Josephus farther observes that the number of the Sadducees was not considerable, but that they were

generally invested with the highest dignities, notwithstanding which they had no great interest, for few things were done according to their advice; and those among them who exercised the magistracy were obliged to comply, though against their will, with the decisions of the Pharisees, otherwise they would not have been tolerated by the populace. Josephus makes two observations, which I think will give a great light in the matter; one of them is, that the Sadducees were not severe in inflicting punishments; the other is, that the Sadducees showed great severity in the functions of judicature; lastly, he says that there was no good understanding among them, that they lived like wild beasts, and that friends were not better used in their conversation than if they had been strangers. It is not easy to reconcile this with what he says in another place, that this sect was not beloved by the meaner sort of the people but by the rich; for the latter do not much agree with morose and peevish humours, but are for introducing the sweets and conveniences of life in all places where they have any intercourse. We ought perhaps to suppose that what he says concerning the discord of the Sadducees and their clownish conversation, signifies nothing more than that they accounted it a virtue to take the liberty of disputing with their masters.
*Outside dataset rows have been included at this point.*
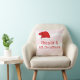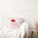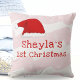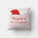O Primeiro travesseiro de Natal do Papai Noel Floco de Neve Rosa. Primeiro design de Natal do bebê bonito com chapéu de Papai Noel, listras cor-de-água rosa, flocos de neve e um nome de bebê em um roteiro branco - personalize com o nome do seu bebê.
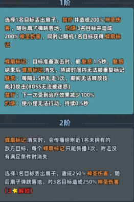 一技能为单体穿透+范围灼烧双效结构:投掷扇形武器对首个目标造成200%神圣伤害;扇子落地后触发范围溅射,对周围至多3名敌人额外施加200%神圣伤害,并随机赋予一名目标「扇标记」。该标记具备三层战术价值——当被标记单位进入攻击前摇动作时,强制触发1.5秒魅惑效果;同步施加禁疗状态,使目标在持续时间内无法获得任何治疗收益;且所有受灼烧影响的小怪将被定身0.5秒。需注意:该技能对Boss类单位不生效,属明确设计为清杂与控场服务的专项技能。
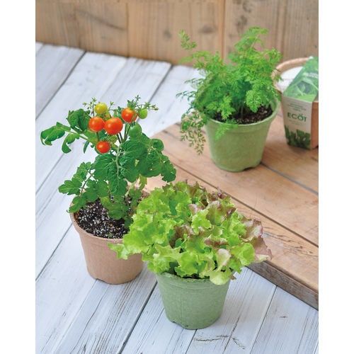 地球にやさしい国産エコポットで育てよう。エコなポット「エコット」でハーブや野菜を育てる栽培セットです。Mサイズでは野菜がしっかりと育ちます。エコットで環境への配慮の小さな一歩を踏み出してみませんか? |
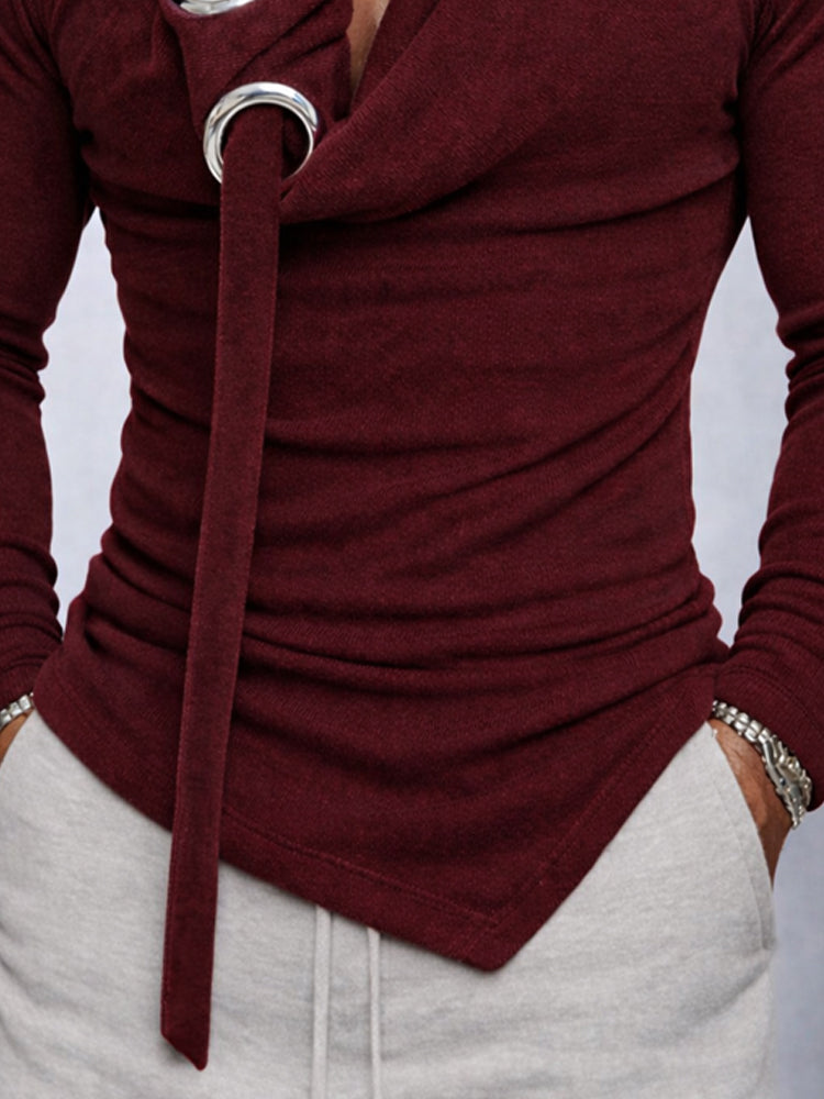 Stylish Slim Fit Eyelet Cowl Neck T-Shirt
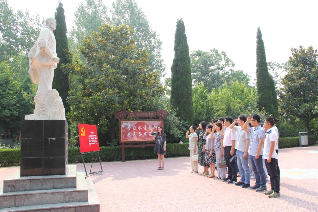 为深入开展“两学一做”学习教育,6月16日上午,新材料与能源学院党总支组织全体党员教师到许昌市建安区桂村乡杨水才纪念馆参观学习,缅怀党的好干部杨水才同志,重温入党誓词,重塑党性修养。
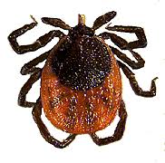 La garrapata chupa sangre hasta llenarse.Ixodoidea (Redirigido desde Garrapata) ? Ixodoidea Ixodes ricinus, la garrapata común Clasificación científica Reino: Animalia Filo: Arthropoda Clase: Arachnida Subclase: Acari Orden: Ixodida Superfamilia: Ixodoidea C. L. Koch, 1844 Familias Ixodidae Argasidae Nuttalliellidae Los ixodoideos (Ixodoidea) son una superfamilia de ácaros, conocidos vulgarmente como garrapata s. Son ectoparásitos hematófagos (se alimentan de sangre) y son vectores de numerosas enfermedades infecciosas entre las que destacan el tifus o la enfermedad de Lyme. Son los ácaros de mayor tamaño. Contenido [ocultar] 1 Biología 2 Picaduras de garrapatas 3 Falsa creencia común sobre las garrapatas 4 Enfermedades transmitidas por garrapatas 5 Enlaces externos 6 Véase también [editar] Biología Ciclo biológico de una garrapata. Las garrapatas se encuentran a menudo en la hierba alta, donde esperan en el extremo de una hoja para intentar engancharse a cualquier animal que pase. Una idea falsa muy común es pensar que la garrapata es capaz de saltar de la planta al huésped, pero el único método de transmisión es el contacto directo. Pueden esperar semanas o incluso meses antes de hallar un huésped adecuado. Cuando se encuentran con uno apropiado trepan sobre él (algunos se dejan caer desde la vegetación alta), y por medio de sus quelíceros, perforan la piel y empiezan a succionar sangre; su cuerpo se hincha y cuando está lleno, la garrapata se suelta. Los Ixodidae atacan a numerosos mamíferos, incluido el hombre, y los Argasidae parasitan sobre todo a aves. [editar] Picaduras de garrapatas Cabeza de Ixodes ricinus La garrapata se termina soltando del animal cuando se llena, pero esto puede tardar varios días. En su boca, las garrapatas tienen una estructura que les permite engancharse firmemente al lugar del que están chupando sangre. Lo primero que hay que aclarar es que la mayoría de las picaduras de garrapatas son inofensivas, no conllevan la transmisión de gérmenes patógenos; además, aunque inoculen gérmenes, la mayoría de las veces no se manifiestan síntomas de la enfermedad. Eso sí, una vez detectada la garrapata se debe retirar lo antes posible, sin precipitación, pero sin dejar pasar tiempo innecesario. Se deben descartar métodos tradicionales como el uso de alcohol, aceite, vaselina, petróleo, esmalte de uñas u otros productos, porque crean una especie de película alrededor de la garrapata que impide que respiren, lo que parece acelerar la regurgitación de sangre. Tampoco deben cortarse, quemarse y sobre todo no se debe tirar con los dedos aplastando su cuerpo, pues en este momento podría producirse la inoculación de fluidos infecciosos desde la garrapata hacia el cuerpo del hospedador. La forma correcta de retirarla es usando unas pinzas, de punta estrecha, a ser posible curvadas, con las que sujetaremos la garrapata por su zona bucal, lo más cerca posible de la piel del hospedador, evitando aplastar el cuerpo. A continuación realizar una tracción continua y lenta (podría llevarnos casi un minuto), progresiva, sin excesiva fuerza, nunca bruscamente, en perpendicular a la piel hasta conseguir su extracción. Nunca retorcer la garrapata. Si alguna parte del aparato bucal de la garrapata queda en el interior de la piel, usar la hoja de un bisturí o una aguja para extraer los restos; en cualquier caso si quedara algún cuerpo extraño lo normal es que pasados unos días fueran expulsados por nuestro cuerpo. Aunque la mayoría de las picaduras de garrapata son inofensivas, estas pueden propagar una enfermedad recientemente identificada como enfermedad de Lyme causada por la Borrelia burgdorferi. Esta enfermedad causa artritis, trastornos del corazón y del sistema nervioso como encefalitis o meningitis. La época de mayor riesgo para contraer esta enfermedad es al final de la primavera y el inicio del verano. Los síntomas por los que se identifica esta enfermedad son similares a los de una gripe común (fiebre, dolor muscular, malestar general, cefalea y fatiga), precedidos de un "eritema crónico migrans" (mancha rojiza circular o sarpullido) como primer signo de la enfermedad. El diagnóstico se realiza mediante una demostración de anticuerpos frente a la Borrelia burgdorferi. El tratamiento suele ser tetraciclina o penicilina; macrólidos. Es necesario tratar esta enfermedad a la mayor brevedad, ya que incluso el 15% de los pacientes que reciben tratamiento inmediato sufren complicaciones. En ocasiones esta enfermedad es confundida con artritis reumatoide, meningitis o esclerosis múltiple. [editar] Falsa creencia común sobre las garrapatas Conviene aclarar que, a pesar de que comúnmente en los medios e, incluso, muchas veces en ámbitos científicos como la Medicina, se las menciona erróneamente como «insectos», las garrapatas no son insectos, sino arácnidos (parientes lejanos de las arañas). La manera más fácil de distinguir entre insectos y arácnidos es que, mientras que los primeros tienen seis patas (y muchas especies son capaces de volar), los últimos tienen ocho y son incapaces de volar. .... [editar] Enfermedades transmitidas por garrapatas Tularemia Rickettsia Fiebre botonosa mediterránea Enfermedad de Lyme Tifus Fiebre de las Montañas Rocosas Louping-ill Meningoencefalitis por garrapatas Hepatozoonosis canina Enfermedad de Kyasanur Fiebre del Colorado por garrapatas Babesiosis Fiebre bovina por garrapatas Fiebre hemorrágica de Crimea-Congo Fiebre reincidente [editar] Enlaces externos Wikimedia Commons alberga contenido multimedia sobre Ixodoidea. Varios instrumentos para quitar garrapatas (inglés) Ixodoidea Que Hago si mi Perro Tiene Garrapatas? [editar] Véase también Ácaros de la cosecha Categoría: Acari Registrarse/EntrarArtículoDiscusiónLeerEditarVer historial Portada Portal de la comunidad Actualidad Cambios recientes Páginas nuevas Página aleatoria Ayuda Donaciones Notificar un error Imprim
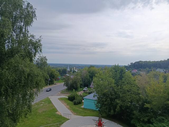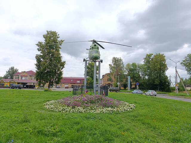 Оставалась еще отмеченной на карте смотровая площадка Венец. Но я то ли поленился на нее заехать, то ли время поджимало. Ведь я вчера смотрел на Клязьму и через пару часов буду смотреть. А зря, с нее виды самые лучшие. На повороте к дороге в Гороховец стоит вертолет МИ-2. Он символизирует Вязниковскую летную школу и ее роль в победе.

It was almost an unavoidable consequence from their principles, since they boldly rejected the authority of tradition, and did not care whether the several texts of the Scripture had been explained by the ancients in such a manner or not; this being laid down, a disciple had as much right to contradict his master, as the latter had to contradict his predecessor, and so on.

The Sadducees are often mentioned in the Holy Scripture, but though it inform us* that they denied

* Willemer in Dissertat. Philologica de Sadduceis.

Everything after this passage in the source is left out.